◆ INPUT DATA:
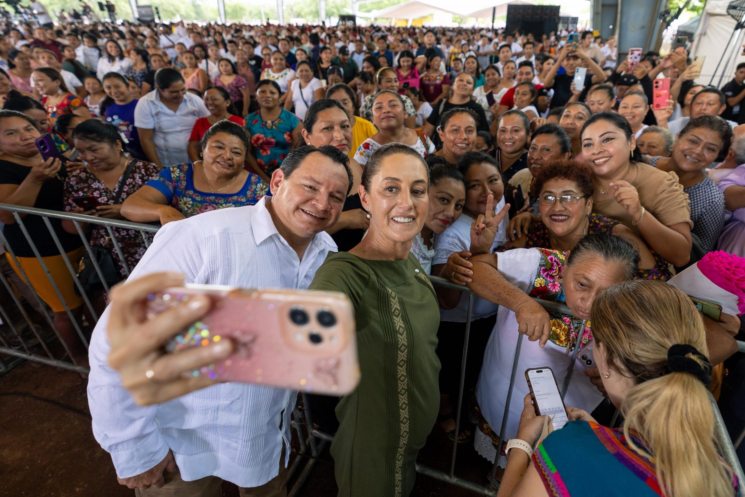 Por su parte, el Gobernador Joaquín Díaz Mena expresó el orgullo de recibir a la primera Presidenta de México en Yucatán, subrayando el carácter histórico de este momento para la República.
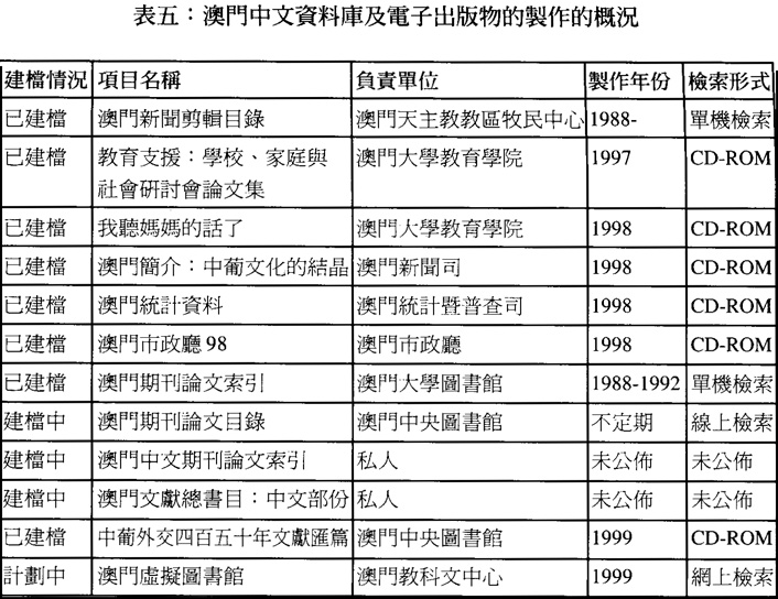 除在傳統的書目建檔工作外,澳門在有限的人力,金錢與設備下,亦嘗試建立一些中文資料庫及電子出版物,至今數量雖然不多,影響未深入,但是由於澳門的地理位置背靠中國大陸,那裡擁有一個廉價而且技術先進的資訊服務產業,故此今年三月澳門成立了第一間數據處理公司,名爲資易數據有限公司,專門製作全文資料庫,並爲澳門中央圖書館成功製作澳門圖書館界首張全文檢索光碟”中葡外交四百五十年文獻匯編"估計在不久將來,澳門圖書館及出版單位,將會透過這途徑,建立大量的全文資料庫或電子出版物。下表爲目前澳門的資料庫及電子出版物的製作的槪況。
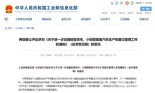 最近商用车行业最关注的焦点,莫过于与“蓝牌轻卡新规”相关方面的话题。2021年8月3日,工信部、公安部两部委联合下发公开征求对《关于进一步加强轻型货车、小微型载客汽车生产和登记管理工作的通知》(征求意见稿)的意见(其核心内容是关于轻卡今后上蓝牌的技术规定,下简称“蓝牌轻卡新规”),引起了当下商用车行业高度的关注。
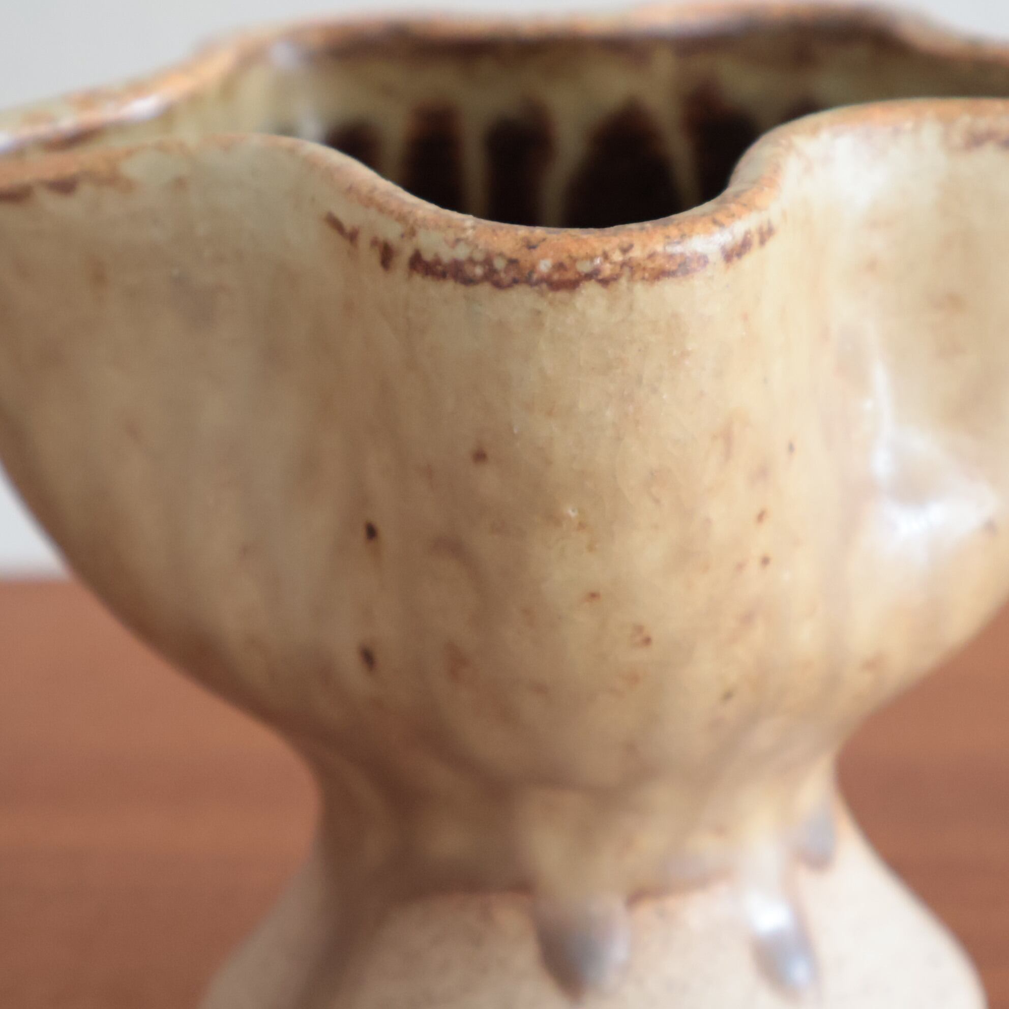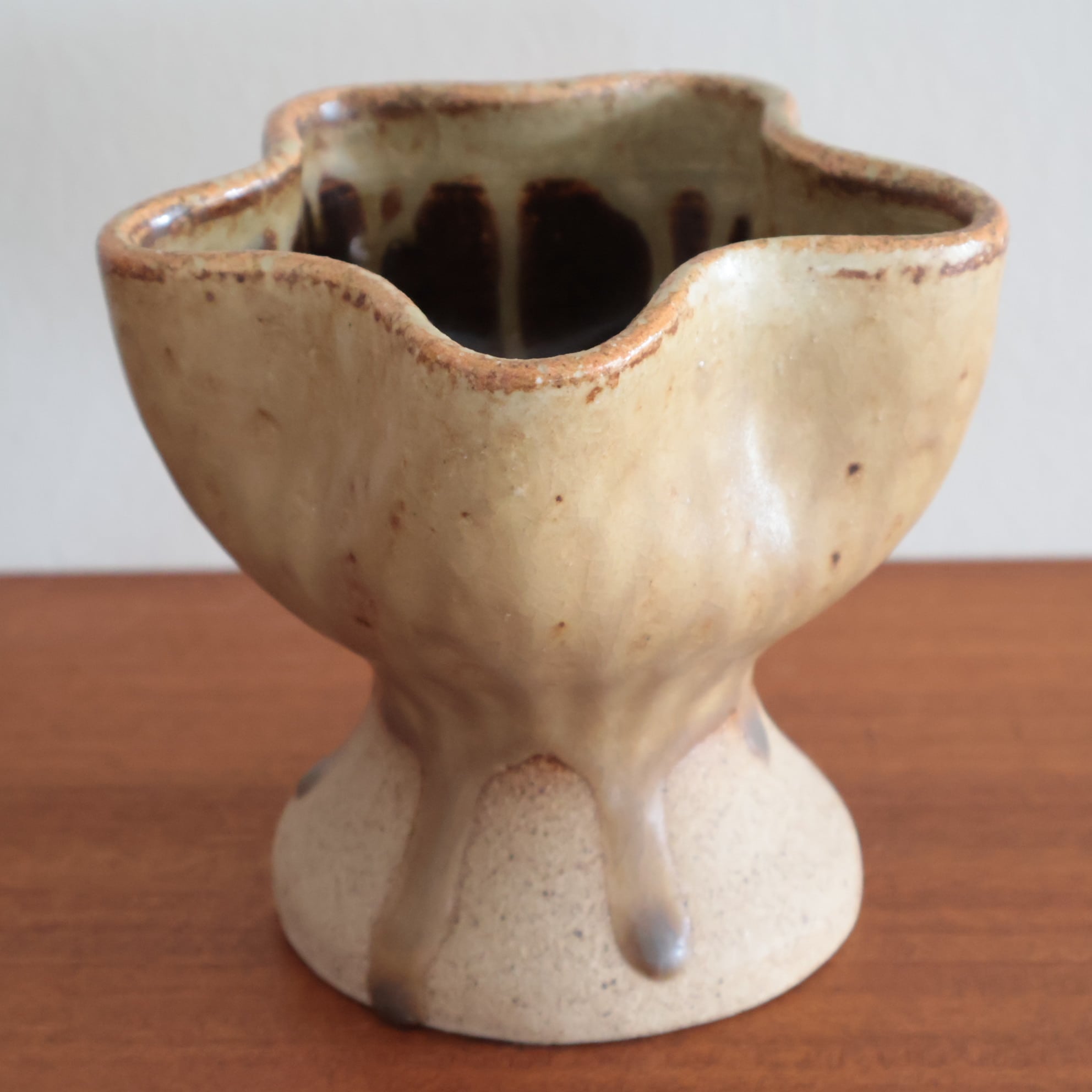 こちらは星のかたちをした陶器のボウル/ベース。 丸みのあるフォルムと素朴な釉薬が、どこか親しみやすく、見る人の心を和ませます。 オブジェとしても、花器や小物入れとしても楽しめる、暮らしにやさしく寄り添う一点です。
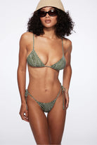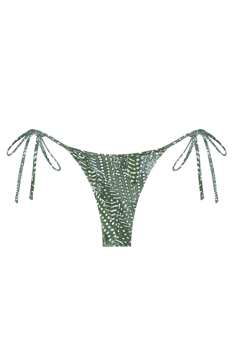 Triangle bottom with minimal back coverage. adjustable side ties for a custom fit. available in our new digitally printed fabric and fully lined for comfort and the right amount of coverage.
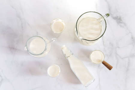 Milk drinks in clear jars and glass of milk on marble table background. Healthy drink concept.
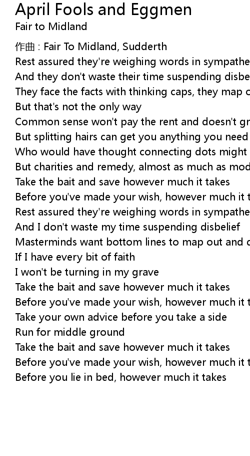| Song | April Fools and Eggmen |
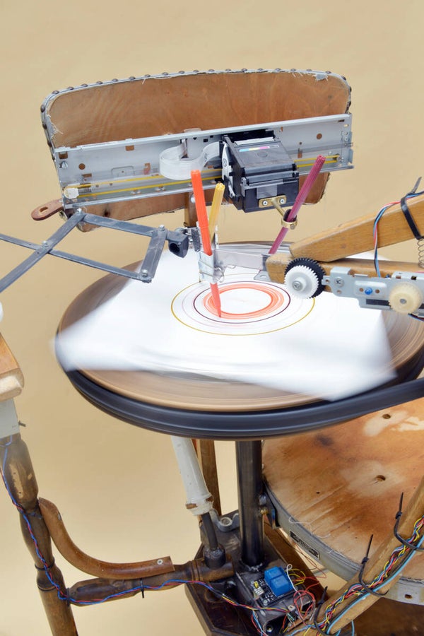 Discarded desktop printers, a spinning wheel and a cast-away chair form the basis of this machine, a machine that honours its printing ancestors by doing something altogether new. As the operator you feed it ink and paper and manipulate its settings, and the machine produces a drawing in response. The drawings may resemble the scratch work of an angry abstract expressionist, the detailed renderings produced by a 3D-scanner, or painstaking spirographs reminiscent of childhood. Each drawing is unique; the machine is incapable of copying itself. Challenging the traditional distinction between human volition and machine docility and muddying the waters of authorship, the Drawing Machine produces more than ink-on-paper artworks: it produces a new relationship to technology. This new relation is one not of control, but of surrender and surprise.
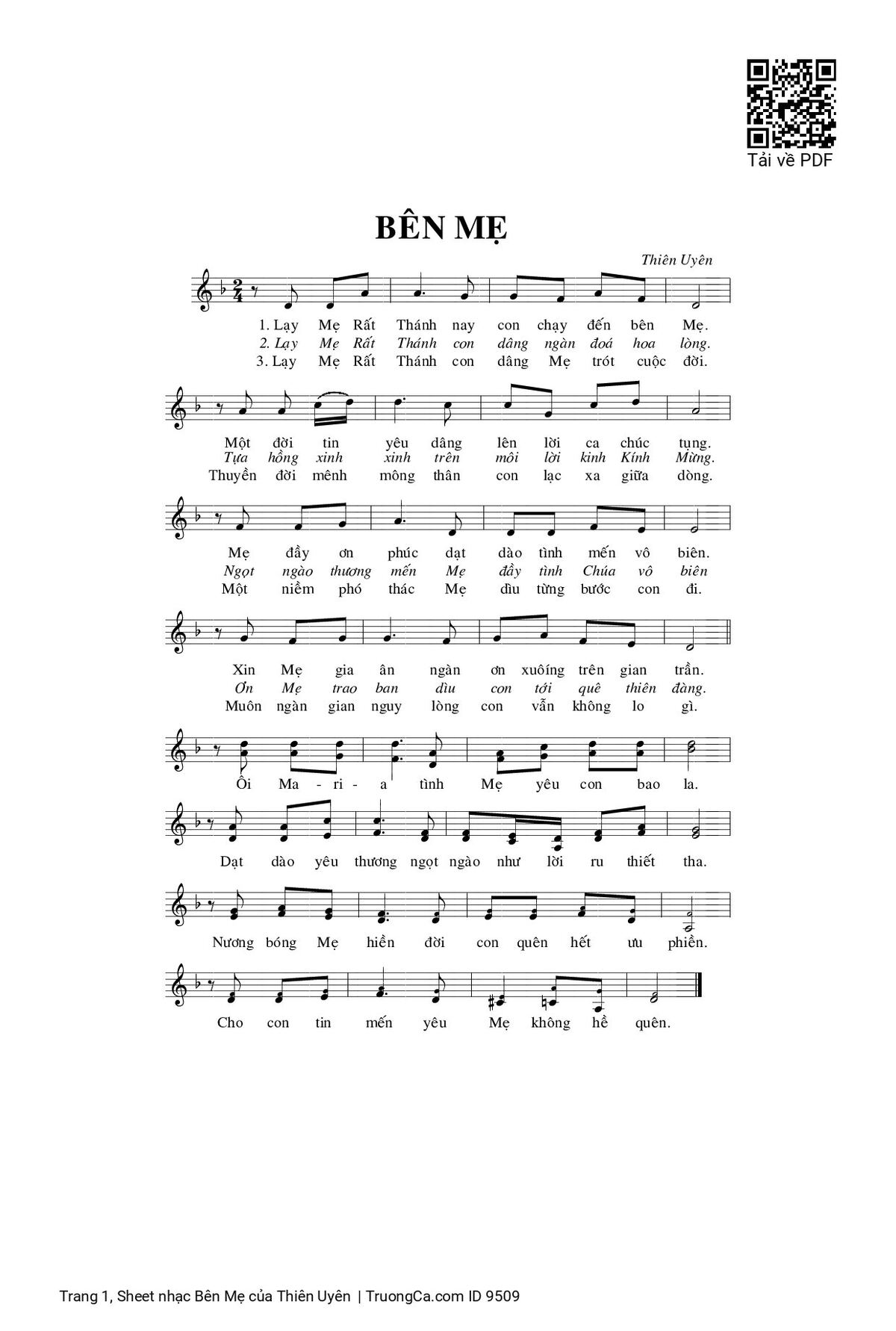 Điệp khúc. Ôi Ma - ri - a tình Mẹ yêu con bao la. Dạt dào yêu thương ngọt ngào như lời ru thiết tha. Nương bóng Mẹ hiền đời con quên hết ưu phiền. Cho con tin mến yêu Mẹ không hề quên.

◆ THE PROBLEM: Using the material above, transcribe exactly the lines from the one holding "Milk drinks in" to the one holding "and Eggmen |", both ends kept. Do not carry over any pictures.

◆ SOLUTION FOR THIS PROBLEM:
 Milk drinks in clear jars and glass of milk on marble table background. Healthy drink concept.
| Song | April Fools and Eggmen |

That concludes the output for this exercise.